## WHAT THE EXERCISE ASKS
The listing below holds pictures; exclude them. Return exactly the lines from the one with "Eine Honda CB" through the one with "CozyChoco: Fondue-Tasse –".

## DATASET
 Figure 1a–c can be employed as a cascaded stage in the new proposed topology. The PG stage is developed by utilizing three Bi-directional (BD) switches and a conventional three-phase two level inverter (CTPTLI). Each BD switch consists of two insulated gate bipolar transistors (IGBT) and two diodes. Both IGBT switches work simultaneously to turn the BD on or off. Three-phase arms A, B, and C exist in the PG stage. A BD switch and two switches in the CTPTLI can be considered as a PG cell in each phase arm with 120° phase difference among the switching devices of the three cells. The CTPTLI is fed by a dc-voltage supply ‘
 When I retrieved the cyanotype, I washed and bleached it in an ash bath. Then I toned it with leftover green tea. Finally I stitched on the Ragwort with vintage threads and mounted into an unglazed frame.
---
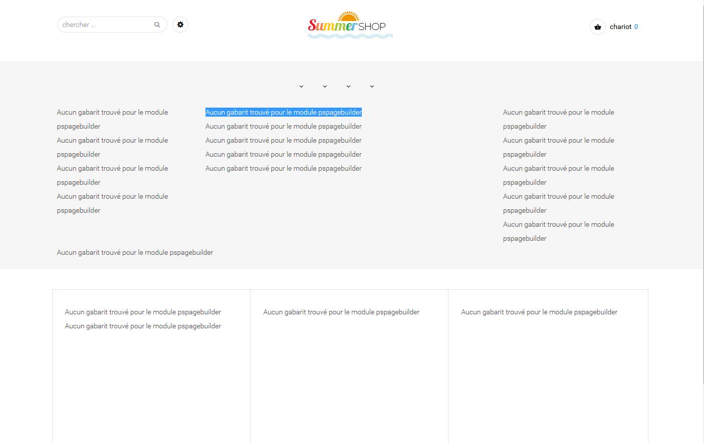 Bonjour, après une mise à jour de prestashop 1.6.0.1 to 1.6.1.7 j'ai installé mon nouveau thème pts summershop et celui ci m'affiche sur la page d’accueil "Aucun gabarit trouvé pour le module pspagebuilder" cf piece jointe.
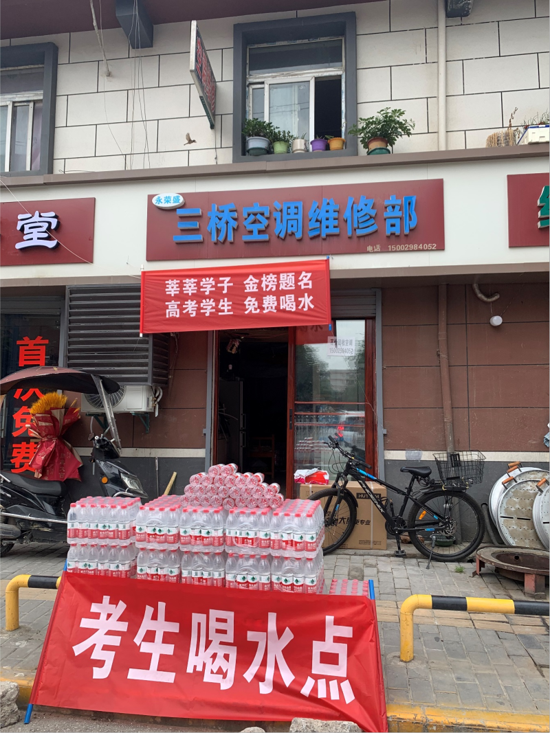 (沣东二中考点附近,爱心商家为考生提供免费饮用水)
--
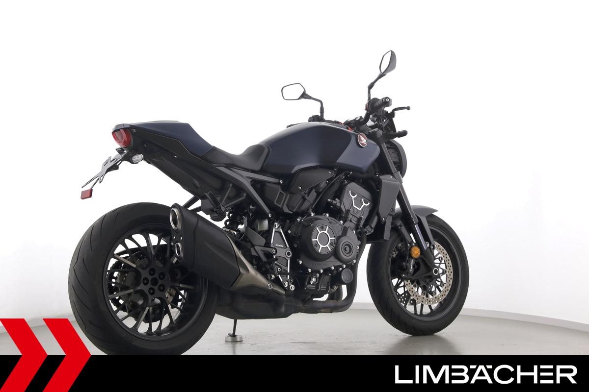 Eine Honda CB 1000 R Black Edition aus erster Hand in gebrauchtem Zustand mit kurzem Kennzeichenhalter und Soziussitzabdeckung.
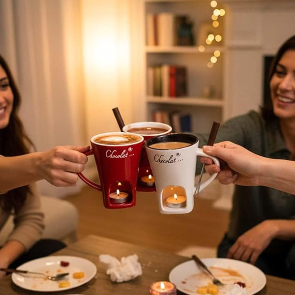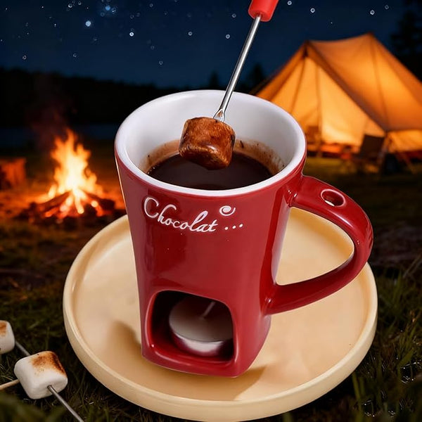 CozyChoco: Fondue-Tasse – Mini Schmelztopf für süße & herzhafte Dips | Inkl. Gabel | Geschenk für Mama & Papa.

## FINISHED TASK
 Eine Honda CB 1000 R Black Edition aus erster Hand in gebrauchtem Zustand mit kurzem Kennzeichenhalter und Soziussitzabdeckung.
 CozyChoco: Fondue-Tasse – Mini Schmelztopf für süße & herzhafte Dips | Inkl. Gabel | Geschenk für Mama & Papa.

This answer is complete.